|  power | 
Power calculations for general linear models | 
 power | 
SAS Macro Programs: power
$Version: 
Michael Friendly
York University
 
Power calculations for general linear models
The power macro carries out retrospective power analysis
(using the results from a given model fit to actual data)
and/or prospective power analysis
(using parameters specified by the user)
for any general linear model which can be fit by the GLM procedure.
It
calculates the following power related measures:       
- Effect size
 - Power for an effect test              
 - Adjusted power and confidence limits  
 - Least significant number - the smallest sample size required
for the effect to be significant.           
 - Power for least significant number
 
The power macro was written by Kristin Latour,
and modified somewhat to make it more consistent with
my rpower macro.
Her original documentation is available as a PostScript
file, PowerMacro.ps,
and PDF PowerMacro.pdf.
Method
The program reads as input an OUTSTAT=
data set from PROC GLM, containing the sums of squares and
degrees of freedom for all effects in the model.
For each effect specified in the EFFECT= parameter,
the program calculates the effect size (DELTA),
which in turn is used to calculate power.
If values are specified for the N=, SIGMA=, and DELTA=
parameters, all combinations of values of these are appended
to those in the data, and power values are calculated for these
as well.
Usage 
power is a macro program. Values must be supplied for the EFFECT=
parameter
The arguments may be listed within parentheses in any order, separated
by commas. For example:
   %power(data=inputdataset, out=outputdataset, ..., )
Parameters
Default values (if any) are shown after the name of each parameter.
- DATA=_LAST_	
 - OUTSTAT= data set from GLM.  If not specified, the most
           recently created dataset is used.
 - OUT=_POWER_   
 - The name of the output dataset.  If not specified, the new dataset is named _POWER_.
 - EFFECT=  
 - Specifies the name of one or more effects,
given in the _SOURCE_ variable of the input dataset.   Specifying
EFFECT=_ALL_ will calculate power for all effects in the OUTSTAT=
data set.
         
 - CALCS=POWER LSN ADJPOW  
 - Specifies the calculations to report, any one or more of the
following:
- POWER - the nominal (unadjusted) power of the test
 - ADJPOW - power, adjusted for bias
 - POWCI - lower and upper confidence limits for the power
 - LSN - least significant N, that is, the smallest sample size required
for the effect to be significant at significance level ALPHA
 
       
 - SS=SS3  
 - the type of sums of squares to use - either SS1 or SS3      
 - ALPHA=.05  
 - list of significance levels,   
 - N=  
- list of sample sizes, in addition to that contained
in the OUTSTAT= data set.              
- SIGMA=  
   - list of standards deviations, in addition to that contained
in the OUTSTAT= data set.  
 - DELTA=  
 - list of effect sizes, in addition to that contained
in the OUTSTAT= data set.    
 
Details
    Definitions of terms that are relevant to the %POWER macro:
- Prospective power analysis: 
 - Used in the planning phase of a designed
    experiment to determine how large the sample size must be to detect
    an effect of a given size (such as the minimum difference between
    treatment effects that is of practical value).

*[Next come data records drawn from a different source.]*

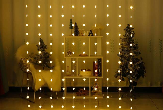LED Heart Curtain Lights – Waterproof Romantic Bedroom Decor with 8 Modes for Christmas & Daily Ambiance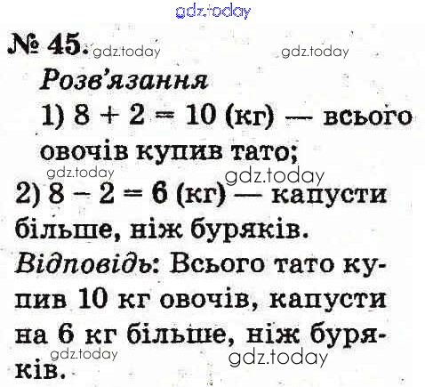 Ответы к Рішення до Повторення вивченого в 1 класі 45 Учебнику по Математике для 2 класса Богданович, Лишенко Генеза 2012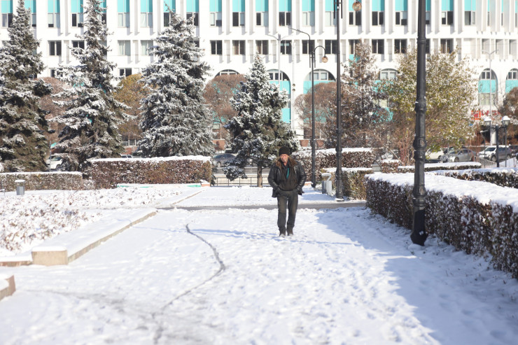 По прогнозу Казгидромета, снегопад завершится сегодня днем. В ночной период температура воздуха опускалась до минус 13 градусов, сегодня днем ожидается до 6 градусов мороза.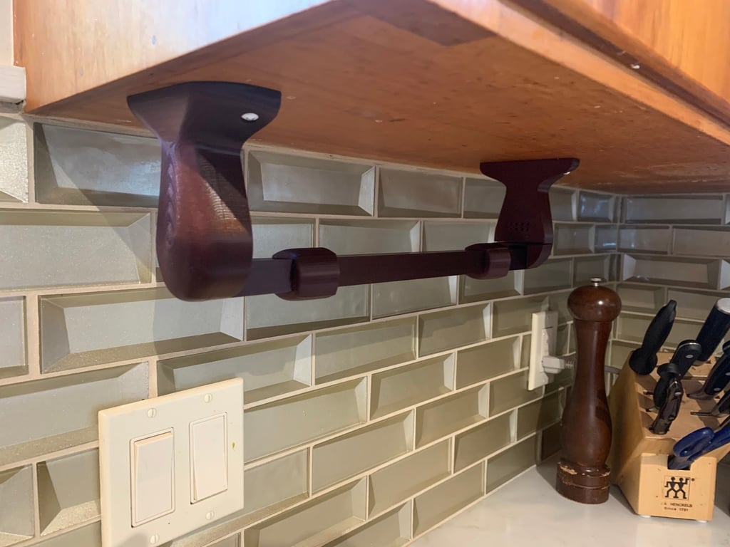 Holderen er optimeret til at rumme papirhåndklæder med en længde på 11 tommer og en diameter på 6 tommer, så du kan være sikker på en god pasform. Materialet, Prusa PLA i en mystisk brun nuance, bidrager med en flot æstetik, der med sin træagtige effekt og skiftende farver i lyset, tilføjer et stilrent præg til rummet.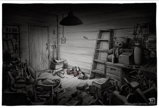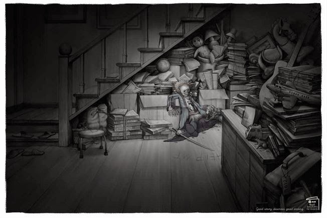 Not a brand new concept if you've been reading the Fairy Tales in Advertising features here on SurLaLune for a while but some really dark illustrations this time. And The Little Prince is a surprise. Another one that would be lost on most of the audience in the U.S. but works in countries where French influence is stronger. Didn't expect it in Thailand, I admit.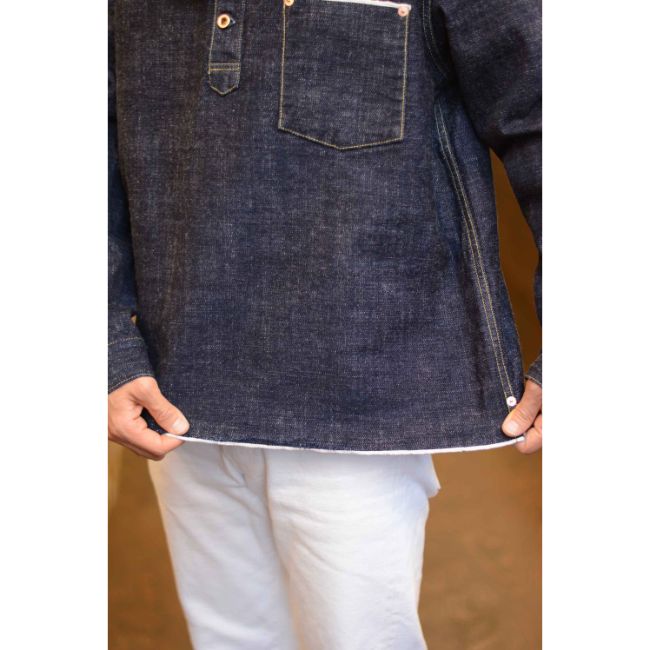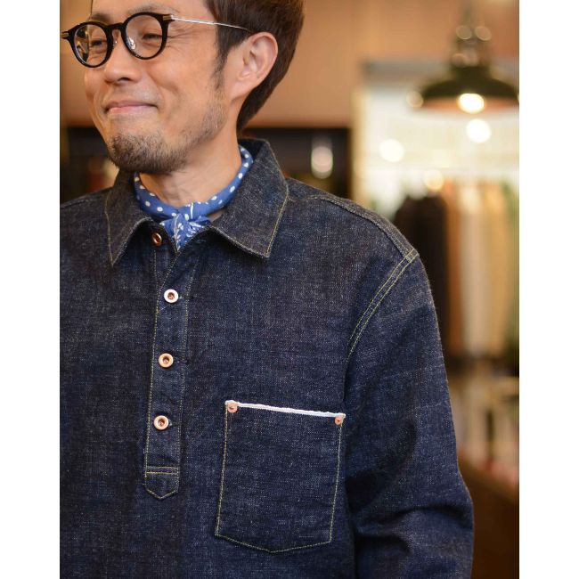1900年代初頭に鉄道・建設現場と仕事場で、作業着として生まれたデニムワークジャケットの原点をベースに製作されたプルオーバージャケット。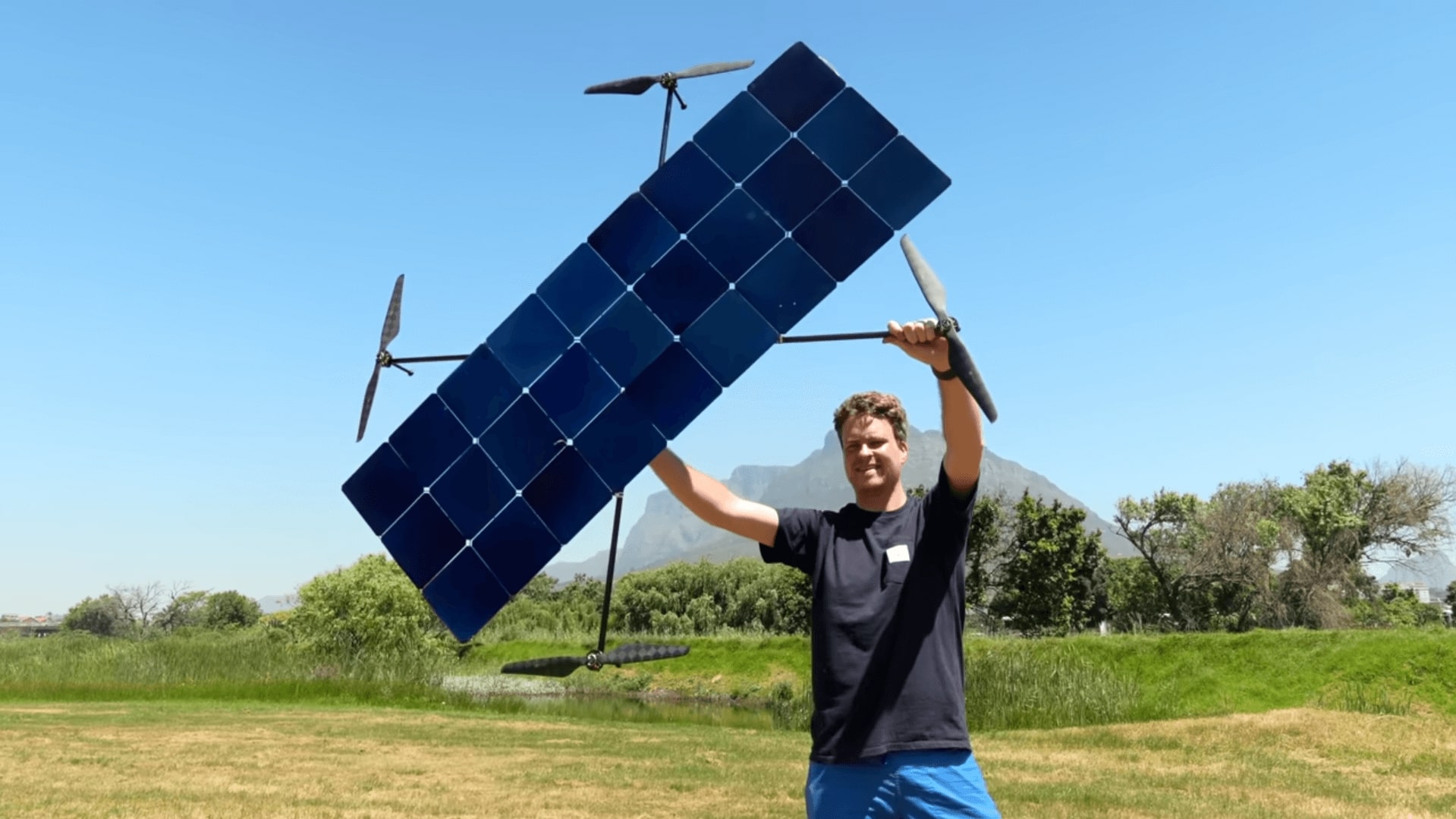 En esta ocasión el tándem ha optado por primar la sostenibilidad sobre la velocidad con su nuevo dispositivo. El dron solar que han desarrollado tiene un armazón de fibra de carbono en forma de X para acomodar tres hileras de nueve paneles solares ultrafinos y cuatro rotores con hélices de dieciocho pulgadas.

 - Retrospective power analysis: 
 -  Used after the analysis of an
    experiment to determine the power of the conducted test.
 - Power: 
 -  Is the probability that a false null hypothesis will be rejected.

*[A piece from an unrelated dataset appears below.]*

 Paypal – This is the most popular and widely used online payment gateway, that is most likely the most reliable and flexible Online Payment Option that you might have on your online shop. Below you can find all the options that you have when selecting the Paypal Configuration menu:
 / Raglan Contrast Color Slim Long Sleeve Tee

    Ideally you would design your experiment to be as powerful as possible
    at detecting hypotheses of interest. Values of power range from 0 to 1,
    where values near 0 are low power and values near 1 are high power.

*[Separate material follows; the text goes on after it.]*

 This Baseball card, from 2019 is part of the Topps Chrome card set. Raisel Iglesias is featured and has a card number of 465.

    Power is a function of the sample size (N), the effect size (delta), the
    root mean square error (sigma), and the significance level (alpha). The
    power tells you how likely your experiment is to detect a given
    difference, delta, at a given significance level, alpha. Power has the
    following characteristics:
	 
    - If the true value of the parameter is the hypothesized value, the
      power should be alpha. You do not want to reject the null hypothesis
      when it is true.
    
 - If the true value of the parameters is not the hypothesized value,
      you want the power to be as large as possible.
    
 - The power increases with the sample size. The power increases as
      variance decreases. The power increases as the true parameter gets
      farther from the hypothesized value.
	
 
 - Adjusted Power: 
 -  Is for retrospective power analyses. The adjusted power
    is smaller than the power, as it removes the bias associated with the
    noncentrality parameter. The noncentrality paramater is biased for
    any value other than zero.  Because power is a function of
    population quantities that are not known, the usual practice is to
    substitute sample estimates in power calculations.  If you regard
    these sample estimates as random, you can adjust them to have a
    more proper expectation.  You can also construct a confidence
    interval for this adjusted power, though it is often very wide.  The
    adjusted power and confidence interval can only be computed for your
    observed effect size, delta.
 - The Least Significant Number (LSN) 
 -  is the number of observations needed
    to reduce the variance of the estimates enough to achieve a significant
    result with the given values of alpha, sigma, and delta. If you need
    more data to achieve significance, the LSN helps tell you how many more.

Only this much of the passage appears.